## Entries provided
********
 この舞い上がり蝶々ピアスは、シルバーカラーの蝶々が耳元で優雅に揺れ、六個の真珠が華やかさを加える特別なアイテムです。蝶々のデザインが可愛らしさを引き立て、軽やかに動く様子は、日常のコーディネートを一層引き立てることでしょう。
********
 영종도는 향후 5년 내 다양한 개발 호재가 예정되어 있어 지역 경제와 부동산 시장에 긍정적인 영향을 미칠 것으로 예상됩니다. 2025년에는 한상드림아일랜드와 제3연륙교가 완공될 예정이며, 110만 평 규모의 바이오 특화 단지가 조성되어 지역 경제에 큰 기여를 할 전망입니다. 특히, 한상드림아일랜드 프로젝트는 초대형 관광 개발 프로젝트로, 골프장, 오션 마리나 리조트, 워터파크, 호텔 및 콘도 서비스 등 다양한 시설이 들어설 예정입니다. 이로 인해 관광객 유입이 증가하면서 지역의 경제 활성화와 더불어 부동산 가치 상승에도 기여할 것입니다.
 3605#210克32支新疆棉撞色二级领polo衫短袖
********
## About this task
Print, from the entries above, the line with "영종도는 향후 5년 내", the line with "3605#210克32支新疆棉撞色二级领polo衫短袖" and all lines between them, exactly and with nothing else.

## Result
 영종도는 향후 5년 내 다양한 개발 호재가 예정되어 있어 지역 경제와 부동산 시장에 긍정적인 영향을 미칠 것으로 예상됩니다. 2025년에는 한상드림아일랜드와 제3연륙교가 완공될 예정이며, 110만 평 규모의 바이오 특화 단지가 조성되어 지역 경제에 큰 기여를 할 전망입니다. 특히, 한상드림아일랜드 프로젝트는 초대형 관광 개발 프로젝트로, 골프장, 오션 마리나 리조트, 워터파크, 호텔 및 콘도 서비스 등 다양한 시설이 들어설 예정입니다. 이로 인해 관광객 유입이 증가하면서 지역의 경제 활성화와 더불어 부동산 가치 상승에도 기여할 것입니다.
 3605#210克32支新疆棉撞色二级领polo衫短袖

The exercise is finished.